The heart of the Act is its targeting of “major rules” and “high impact rules.” These rules are generally defined as those that impose significant additional costs, either directly in terms of compliance or indirectly in terms of discouraging economic activity. The Act taxes major rules by bulking up the notice-and-comment requirements for making such regulations. This category of “major rules” will be familiar to those who followed the debate over the REINS Act, which also singled out such rules. Rather than imposing additional procedural burdens, however, the REINS Act rendered such major rules inert unless and until a joint resolution of the House and Senate affirmed them.
I am inclined to think that the RAA is both too weak and too strong. First, the weakness. There is a serious question over whether the REINS Act’s joint-resolution trigger violates the Constitution’s bicameralism and presentment requirement. Jonathan Adler, I think, has offered a good argumentdistinguishing this from the regime the Court struck down in INS v. Chadha. One concern the RAA is targeting, of course, is excessive delegation of lawmaking authority from Congress to agencies, and it is a concern I share. Encouraging, even forcing, Congress to make hard choices about regulatory issues through legislation—as opposed to punting, haranguing administrators in hearings, or tinkering with the regulatory process through nontransparent, informal pressure—is a good thing.
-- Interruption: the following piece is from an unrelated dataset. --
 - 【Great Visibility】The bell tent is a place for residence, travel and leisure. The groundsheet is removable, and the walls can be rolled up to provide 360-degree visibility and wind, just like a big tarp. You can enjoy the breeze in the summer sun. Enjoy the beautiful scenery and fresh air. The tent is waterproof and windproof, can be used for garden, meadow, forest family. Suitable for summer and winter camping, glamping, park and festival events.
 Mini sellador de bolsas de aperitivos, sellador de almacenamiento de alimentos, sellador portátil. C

The Court has deemed the nondelegation doctrine a dead letter, so it is heartening to see Congress step in and try to force itself to own the big decisions.
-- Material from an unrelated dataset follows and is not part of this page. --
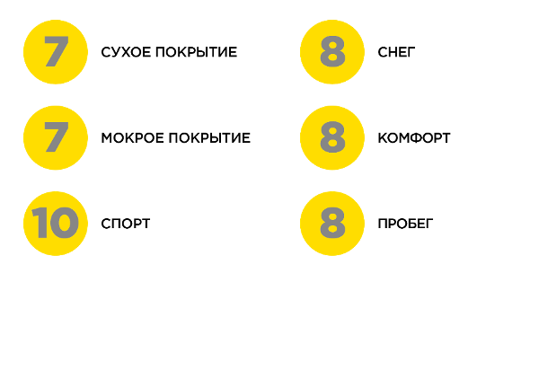 • Выдающееся сцепление на мокрой дороге и высокий уровень сопротивления аквапланированию

The RAA, while avoiding the constitutional question of the joint resolution, picks the weak, cumbersome, and indirect means of drawing out rulemaking procedures and pre-enforcement litigation. Thus, rather than Congress making the calls, an agency makes the same calls, albeit through more cumbersome process—that is unless a panel of judges decides the agency’s explanation is insufficiently fulsome. For people concerned about excess delegation, that status quo is not great and the RAA offers even more of the same. A REINS Act-style intervention would be more effective.
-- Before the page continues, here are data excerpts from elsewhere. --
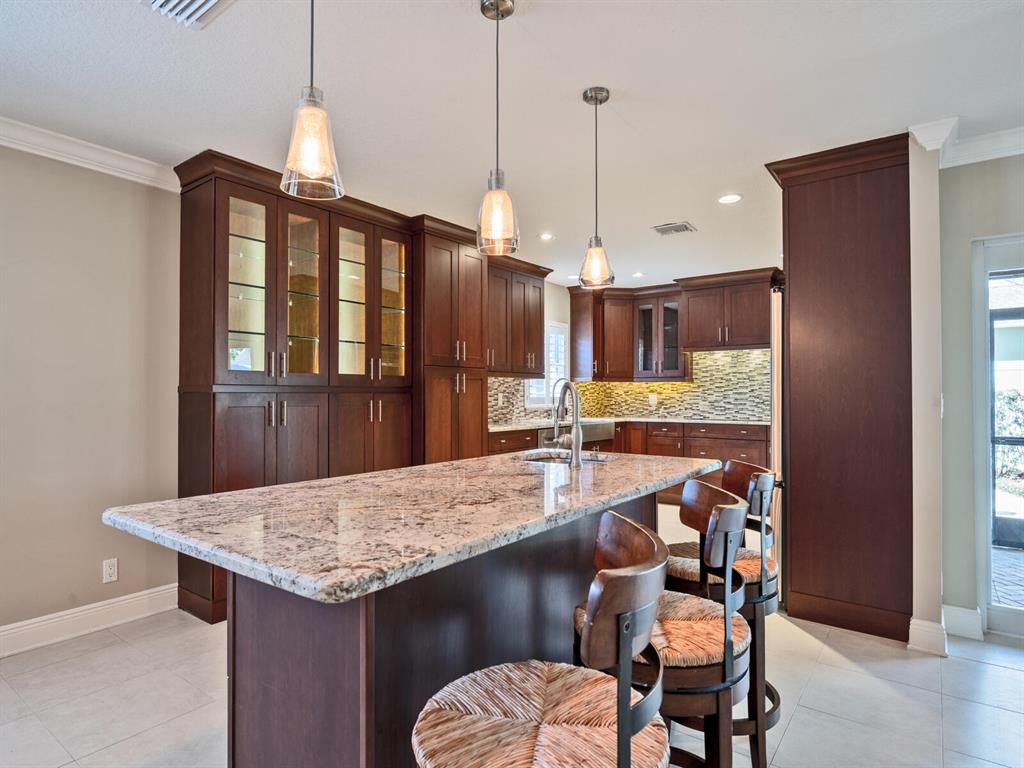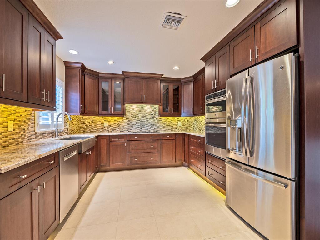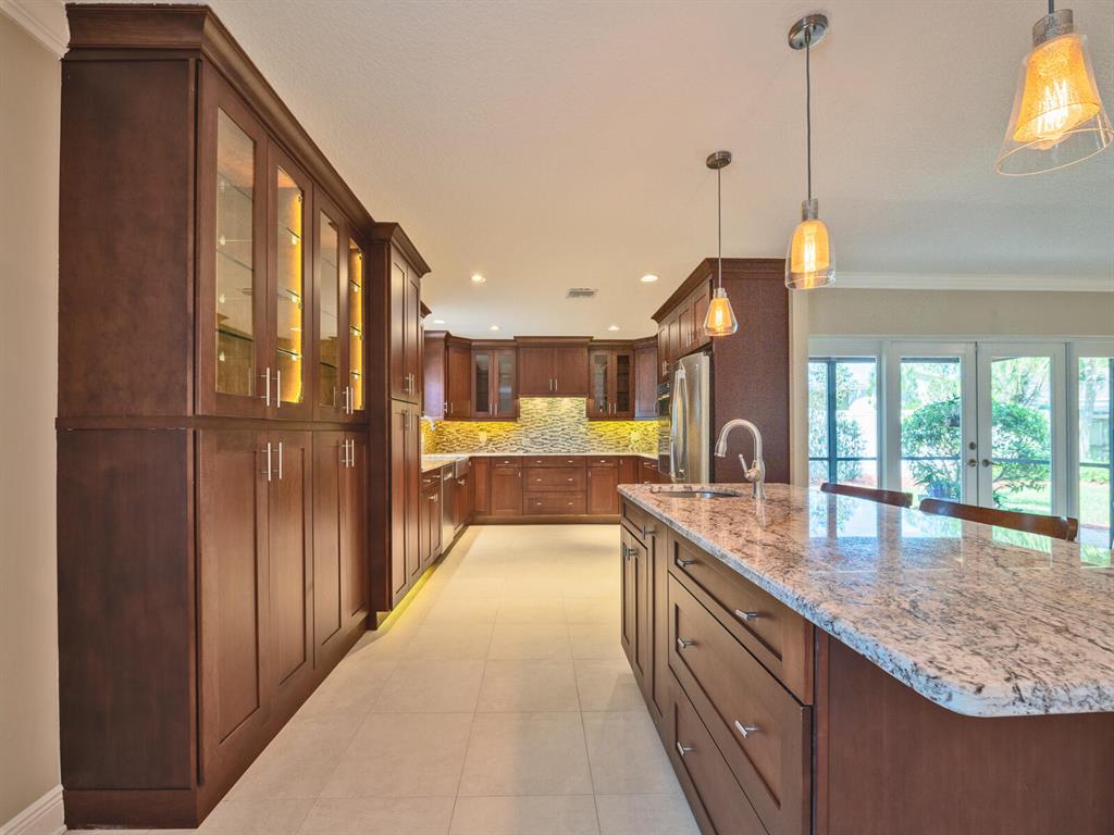 This remodeled home has an open concept and features a HUGE updated kitchen with imported granite countertops, wet bar and GE profile appliances. You will be ready to entertain in style. The large master suite has wood floors, walk-in closet with custom shelving, dual sinks, Toto washlet/toilet and access to private back yard. Neutral style ceramic tile in living space and oversized laundry room that has extra storage and could be used as an office. When it comes to storm protection, you can rest easy knowing the whole home generator, impact windows and doors, upgraded electrical panel, newer a/c and ductwork have you prepared. The exterior is beautifully landscaped, has custom lighting and room for a boat or RV. Easy to view!
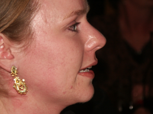 a woman is crying seemingly wearing golden earrings and facing sideways
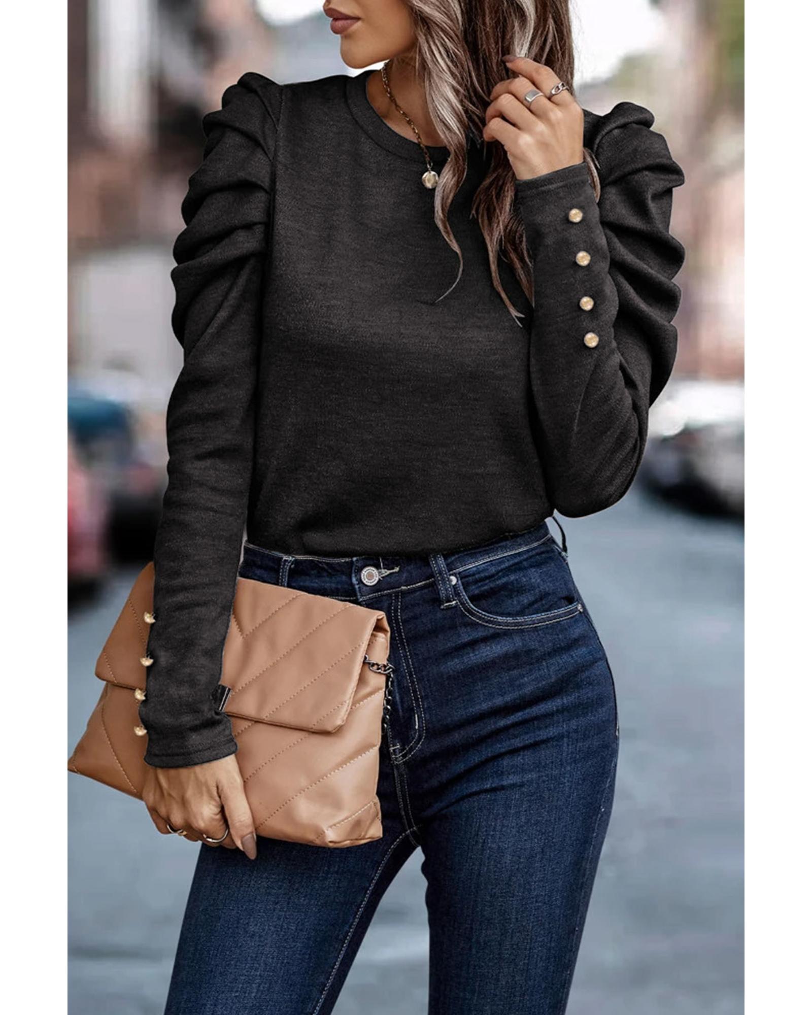 Azura Exchange Buttoned Puff Long Sleeve Sheath Top – S
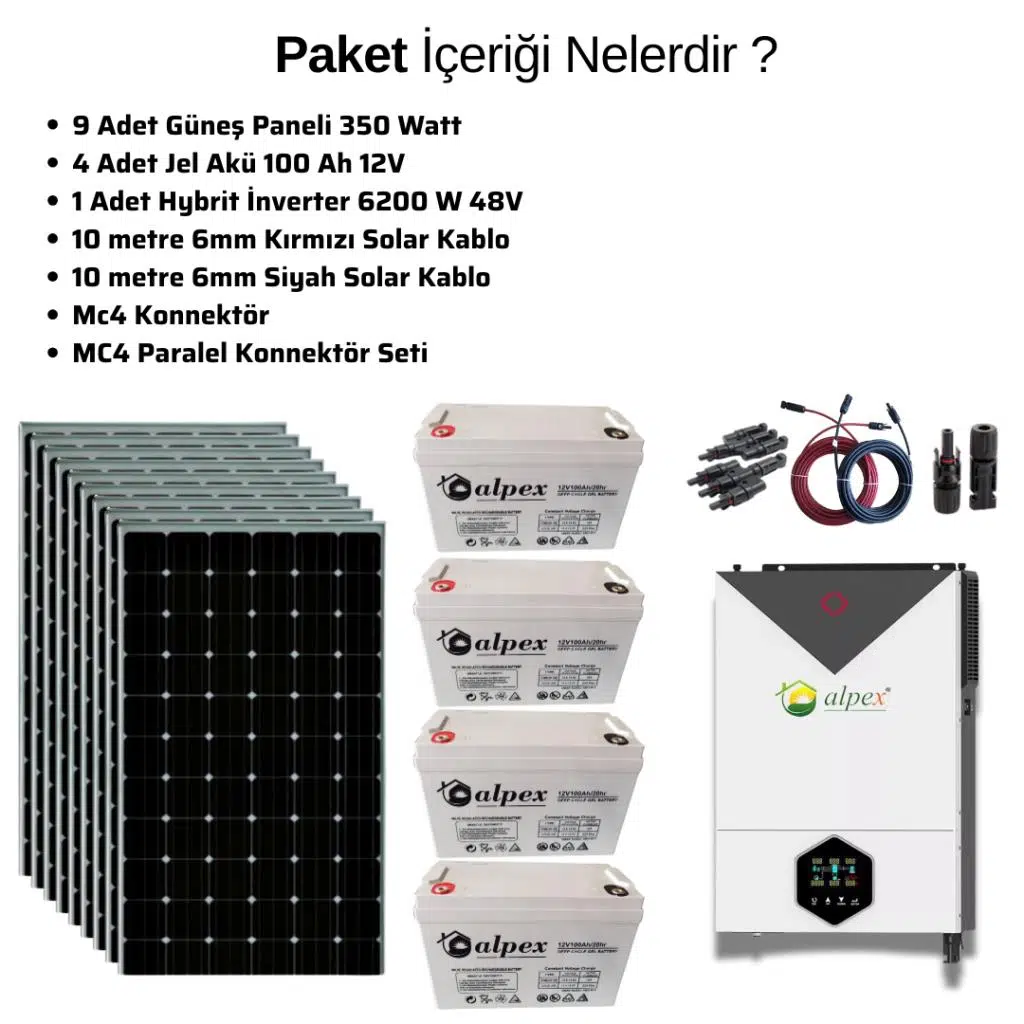 Güneş Enerjisi Bağ Evi Solar Paketi 6.2kW Hibrit İnverter 410W Panel & 100Ah Jel Akü

Of course, the cumbersome requirements for high-cost rules are great if your main focus is to reduce the absolute amount of new, big regulations—which is why the President and his supporters oppose it and Republicans are more likely to support it. This is where the RAA strikes me as too strong. There’s something to say for separating hostility to delegation with hostility to regulation. I think it would be plausible to build bipartisan support for the proposition that Congress should be forced to make hard choices rather than the President’s bureaucrats or politically insulated independent agencies. An RAA (and a REINS Act) that only targets new, high cost regulation, however, fractures that coalition.
But is that necessary? It’s possible to imagine a statute that would require two-chamber approval for new regulations that substantially increase cost of compliance and for rules that substantially deregulate. Such a statute would set the present level of regulation as a baseline against which Congress must make further choices. This baseline is imperfect, but there is no regulatory Year Zero or incontestable amount of regulation that everyone thinks is optimal, so this baseline strikes me as the only feasible one for a truce. Once we have this baseline, Congress would have to go on record for any substantial addition to regulation or deregulation and thus truly own major changes in the regulatory state going forward.
Of course, for people who like the RAA and the REINS Act because they want to disassemble the federal regulatory state root and branch, this half-step will be too little. Those in favor of additional regulation will fear a structural disadvantage, as it may be politically more palatable to vote for regulations that decrease costs than for ones that increase them. Perhaps this mutual misgiving is the mark of a sound compromise. Or perhaps it is the mark of an idea that’s bound to fail.
I’m not sure, but I would welcome a structure that shifts regulatory power over big questions from the executive (in conjunction with the courts) to the legislative branch. As a matter of stability, we would not have to worry so much about the whipsaw in regulatory policy that occurs every time the Presidency changes hands. As a matter of accountability, we would narrow Congress’s escape hatch of broad, often meaningless, language in regulatory statutes. And countering the deregulatory bias of such reform statutes would force those who prefer governance by administrators over legislators to publicly stand on that ground alone. That would be fun to see.